Happy Valley is actually your hometown. Can you tell us more about it?
Yes, it’s a college football town, and used to be one of the largest party schools in the country. There are aspects of the culture here that really impacted me as a young woman. The gender dynamics are really extreme. When I was around 14, I spent one year in Ireland. When I came back, most of my friends had started going out to parties and embracing the college party culture. The idea of what is feminine or masculine is super polarised and rigid. You grow up with these extreme role models, and it’s hard to see anything different or acknowledge the consequences of it all. I’ve been talking to childhood friends recently about the whole experience and it’s been interesting to hear them reflect on growing up in the same culture.
What about the men’s dynamics? Are you interested in that at all?
A lot of my work is self-motivated, it’s really me trying to look back at these experiences and make sense of them. Or look at certain aspects of my behaviour now (like insecurities or fears), and try to understand where they came from. I think that’s why I make more pictures of women.

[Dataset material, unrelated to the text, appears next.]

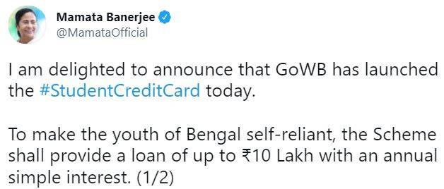 WB Students’ Credit Card: West Bengal government on June 30 introduced the student credit card scheme. Reports suggest that the initiative has been launched by the government in order to give students easy access to loans. “The limit for these loans has been set at Rs. 10 lakh and can be used by the students to fund their education,” the government said while launching the scheme.

How do you think people in your town are reacting to the project?
That’s something I’m still trying to figure out. It’s important to acknowledge that the work is, and, isn’t about the town; many of the themes in the work exist on a much larger scale. This is me working from my own personal experiences, examining my memories and trying to figure things out. It isn’t a documentary project. The pictures are not all made in my hometown, it’s really a metaphor. I’m thinking a lot about what it means to have been shaped by a certain type of culture or fantasy. Making pictures helps me understand how I have been taught to react to the world, or how I experience it, sometimes in negative or fearful ways.
Is there any major influence in photography that inspired you at the beginning?
I think the very first time I had a spiritual experience looking at art was with Rineke Dykstra’s The Buzz Club video which is still one of my favourite pieces.
I saw it at one of her retrospectives when I was in college. It was at a museum, very institutional, somehow intimidating. You walk into the video room and everyone is standing still because they’re all looking at *a serious work of art.* Since she was filming in a nightclub, the sound track feels like you’re inside a club. I remember looking around, the music was loud and it made you want to move, you became really aware of your body. You observe the figures that she was working with, young people, really vulnerable, dancing, taken over by the music as if they’re in a trance.
I loved the idea of taking an experience from pop culture and putting it into an art space. It was something that I really could relate to.
Something that you could transform or it could explode into something else…
Yes, along with the notion that anything could be valid, anything could be investigated.
The idea that you could take something that might be considered frivolous, like pop music, and incorporate it into something really powerful; it was revelatory and it stayed with me.
Could you tell me what you’re working on right now?
I’ve spent the last two years travelling back and forth between my hometown and New York. I’ve been working with a group of young women there. It’s another project that has made me reflect a lot on a certain age, in many ways, it’s been one of the more challenging projects I’ve worked on. But it still feels really private and personal, I don’t really want to talk about it in detail quite yet.